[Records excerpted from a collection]

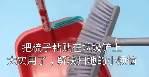 把梳子粘貼在垃圾鏟上,太實用了,解決掃地的小煩惱,太棒了
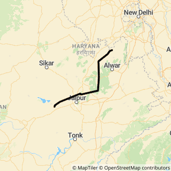 Daurai (Ajmer) - New Delhi Shatabdi Express ( 12016) Rail route Map
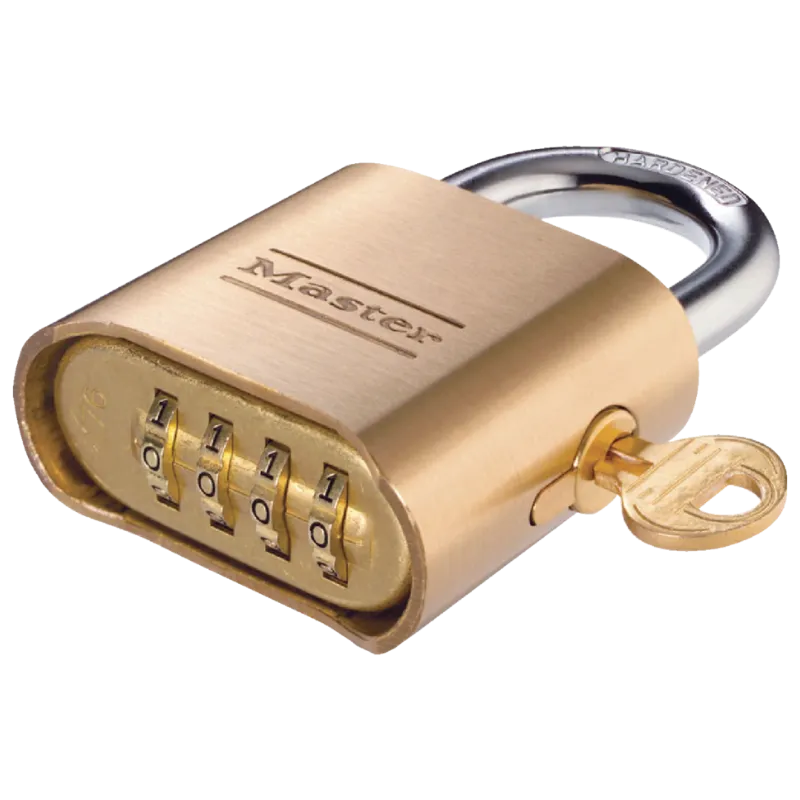 176-P744 Resettable 4-Digit Brass Combination Lock W/Supervisory Key 2″W Body, 1″ Shackle
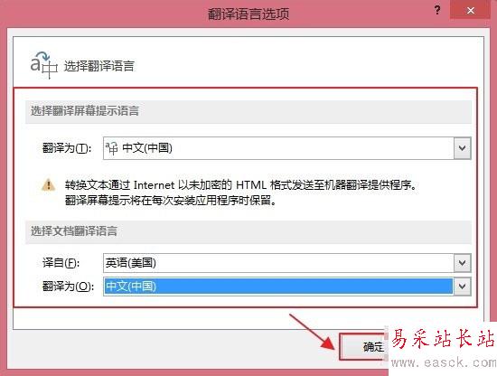 2、打開“翻譯語言選項”對話框,根據需要設置文檔的翻譯語言,然后單擊“確定”。
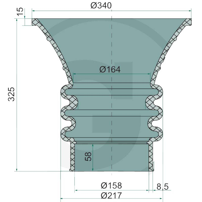 Dokovací trychtýř 6" Premium gumový elastický s měchem pro fekální vozy, přípoj 158/150
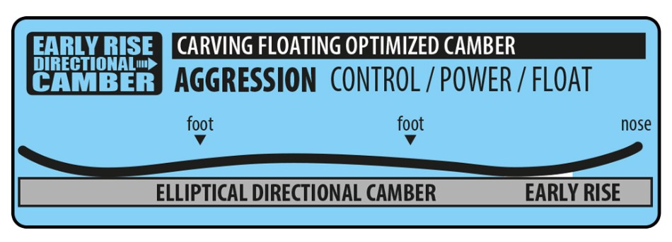 | Прогиб - Early Rise Directional Camber: | фанки версия классического кембера. Хвост и особенно нос поднят раньше, что делает доску легче в управлении на низких скоростях и для езды по пухлому снегу. |
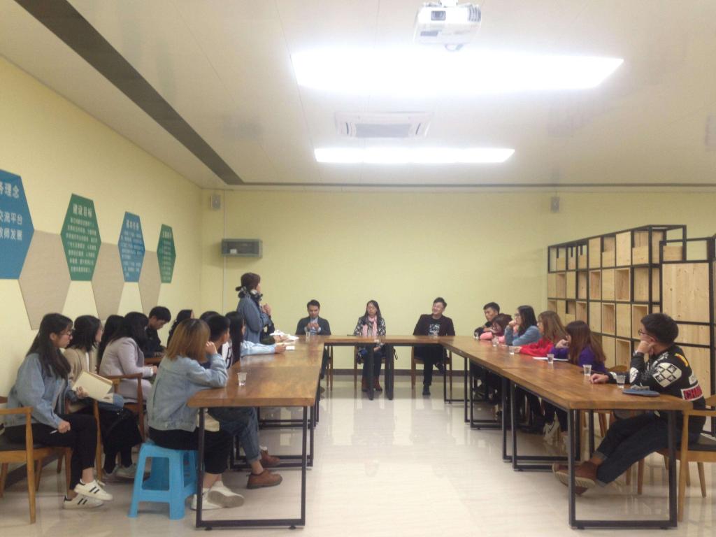 为进一步提高企业项目实训效果,深化校企合作,11月22日晚,人文学院新闻教研室鲍英英主任,李锦洪老师,特邀合作企业“广州德希恩健康科技有限公司”的项目负责人走进城建学院,同行的还有15级网络新闻与传播班的4位实习生代表,与网络新闻与传播班级项目小组成员共同围绕“轻创业”项目及“新媒体经济”进行深入探讨。

-- REQUIREMENT --
Would you copy, word for word, only the lines above from the one containing "176-P744 Resettable 4-Digit" through the one containing "пухлому снегу. |", both included, and please leave out the pictures?

-- OUTPUT --
 176-P744 Resettable 4-Digit Brass Combination Lock W/Supervisory Key 2″W Body, 1″ Shackle
 2、打開“翻譯語言選項”對話框,根據需要設置文檔的翻譯語言,然后單擊“確定”。
 Dokovací trychtýř 6" Premium gumový elastický s měchem pro fekální vozy, přípoj 158/150
 | Прогиб - Early Rise Directional Camber: | фанки версия классического кембера. Хвост и особенно нос поднят раньше, что делает доску легче в управлении на низких скоростях и для езды по пухлому снегу. |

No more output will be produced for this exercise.